- What to produce: Start at the top of the records and, please, print each line exactly through the line that contains "Nach sechsjähriger Renovierung", leaving out all pictures.

Items from a dataset
┄┄┄┄┄┄┄┄┄┄
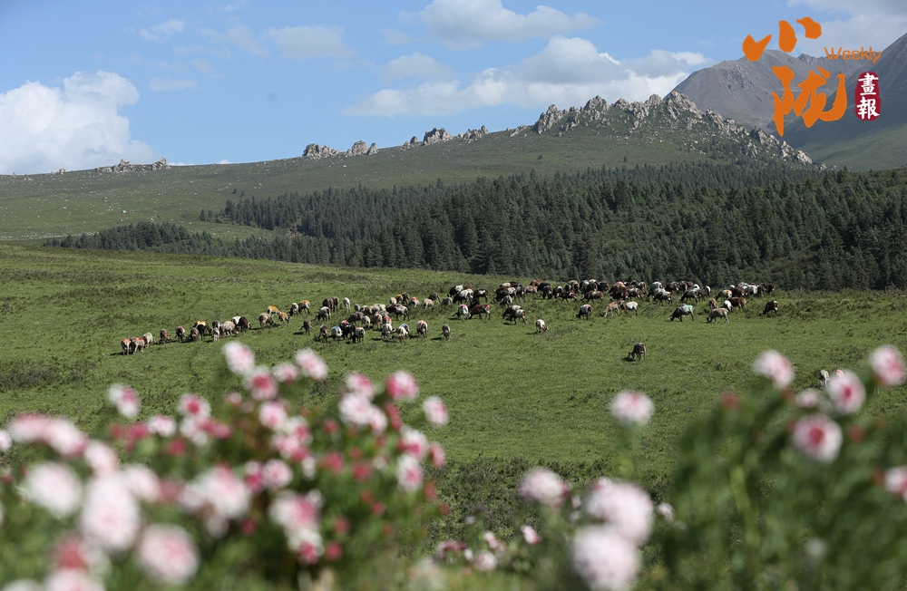 祁連下的康樂草原,是肅南裕固族人生活的地方。這里風(fēng)光秀美,山地高原交相呼應(yīng),丘陵漫甸連綿起伏。放眼周圍,遠(yuǎn)處祁連山巍峨挺拔,近處樹木郁郁蔥蔥,優(yōu)美壯觀。
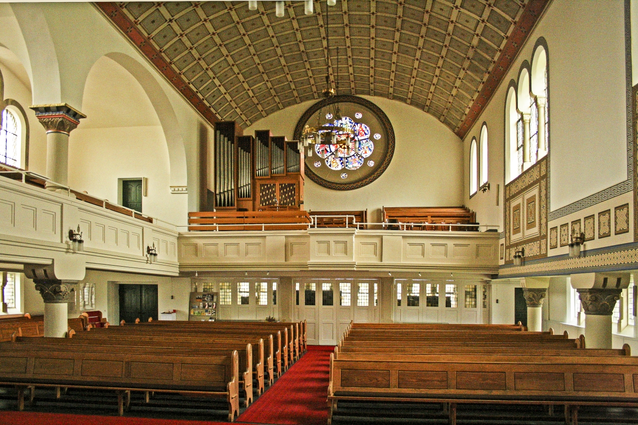 Nach sechsjähriger Renovierung strahlt der Innenraum der Christuskirche zum 100-jährigen Jubiläum im Jahre 2010.
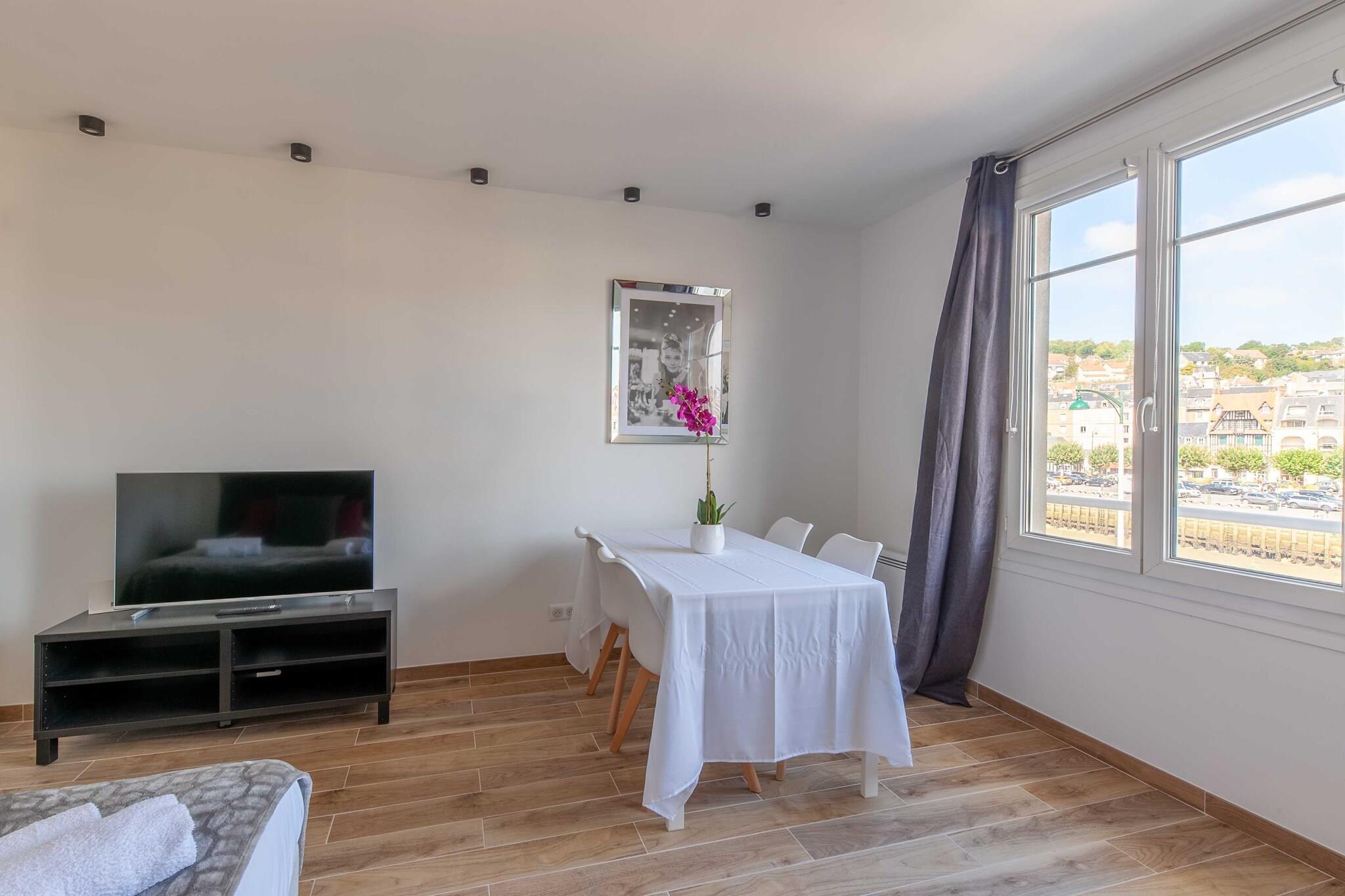 Nicely renovated apartment for 4 people. Large studio with 1 bed (2 people) and a sofa bed for 2 additional people. The location of the flat will allow you to move quickly and easily: BY PLANE: Deauville Saint-Gatien Airport (8 km / 15 min) BY TRAIN: Deauville/Trouville train station (10 minutes walk) BY CAR: A32 motorway (7,5 km / 10 min) BY CAR: A13 motorway (10 km / 12 min) BY CAR: Paris (200 km / 2h15) BY CAR: Caen (45 kms / 40 min) Deauville and its surroundings offer a wide range of activities for all tastes. Here are three popular activities near Deauville: Beach and Promenade des Planches: One of the main attractions in Deauville is its beautiful sandy beach. You can relax in the sun, swim in the sea, or take long walks along the famous Promenade des Planches, lined with beach cabins named after celebrities. Deauville-La Touques Racecourse: If you're a horse racing enthusiast, don't miss the opportunity to attend a race at the Deauville-La Touques Racecourse. This prestigious racetrack hosts world-renowned equestrian events. Casino Barrière de Deauville: The Casino Barrière de Deauville is a must-visit entertainment venue. You can try your luck at casino games, attend shows, or simply enjoy the lively atmosphere of the casino. These activities are just a sample of what Deauville and its surroundings have to offer. You can also explore the town itself, visit museums, play golf, or savor delicious Norman cuisine in local restaurants. Deauville is a destination rich in entertainment for travelers.
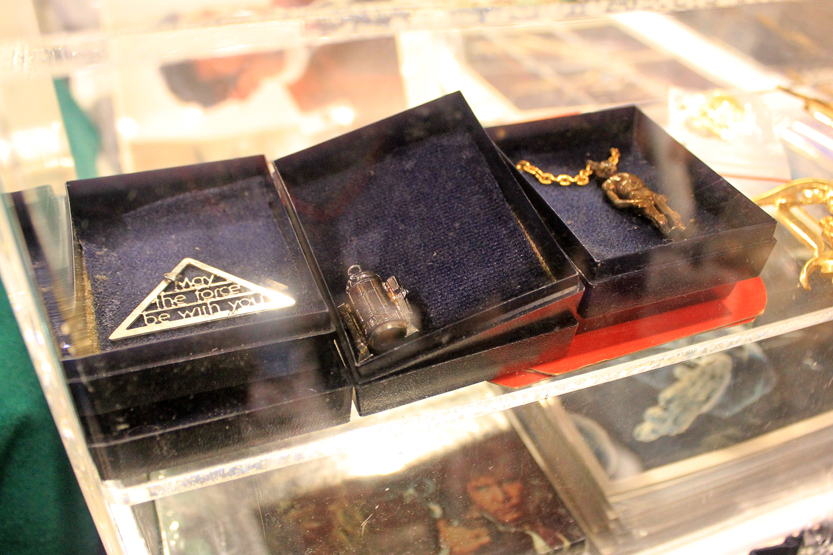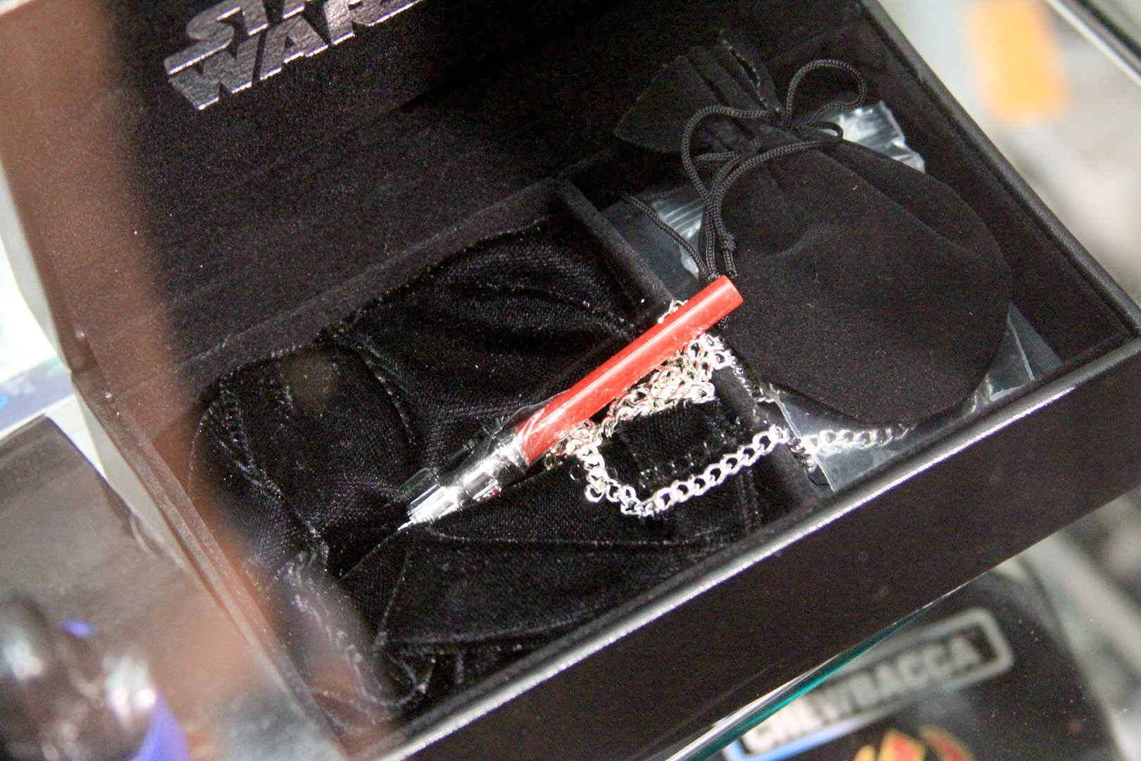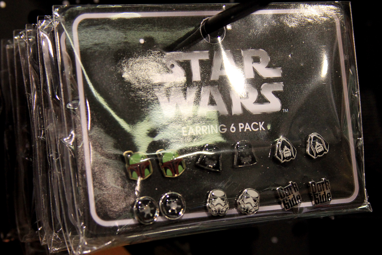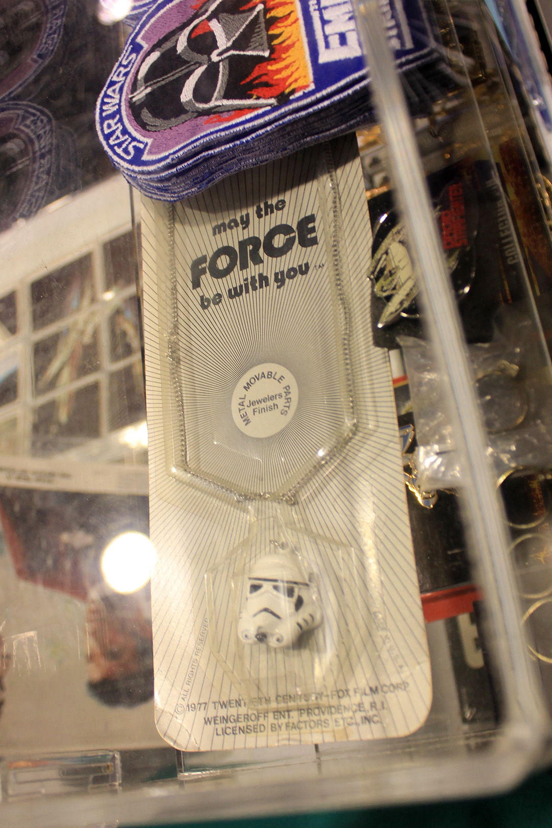 The blue lightsaber earrings are made by Bioworld – I love my pair. The four necklaces are also made by Bioworld (the Millennium Falcon necklace was available from Hot Topic recently). The carded stormtrooper necklace is a vintage piece made by Weingeroff Ent – I don’t own a carded version (bought mine loose to wear) so it was nice to see one in person. I’m not familiar with the black and silver Star Wars logo pendant, it was very pretty!
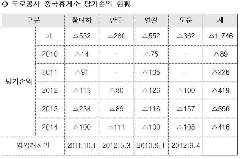 도로공사가 50만 달러를 출자하여 설립한 중국휴게소 4곳은 진출 첫해인 2010년 9천만원의 적자를 시작으로, 2011년 2억 3천만원, 2012년 4억 2천만원, 2013년 6여억원으로 매해 적자규모가 1.5~2배 가량 증가하였고, 2014년 또한 4억원의 적자를 기록했다. 요컨대 중국 진출 이후 해외휴게소에서 단 한곳, 단 한해도 순익을 내지 못한 것이다.
┄┄┄┄┄┄┄┄┄┄
- Answer space:
 祁連下的康樂草原,是肅南裕固族人生活的地方。這里風(fēng)光秀美,山地高原交相呼應(yīng),丘陵漫甸連綿起伏。放眼周圍,遠(yuǎn)處祁連山巍峨挺拔,近處樹木郁郁蔥蔥,優(yōu)美壯觀。
 Nach sechsjähriger Renovierung strahlt der Innenraum der Christuskirche zum 100-jährigen Jubiläum im Jahre 2010.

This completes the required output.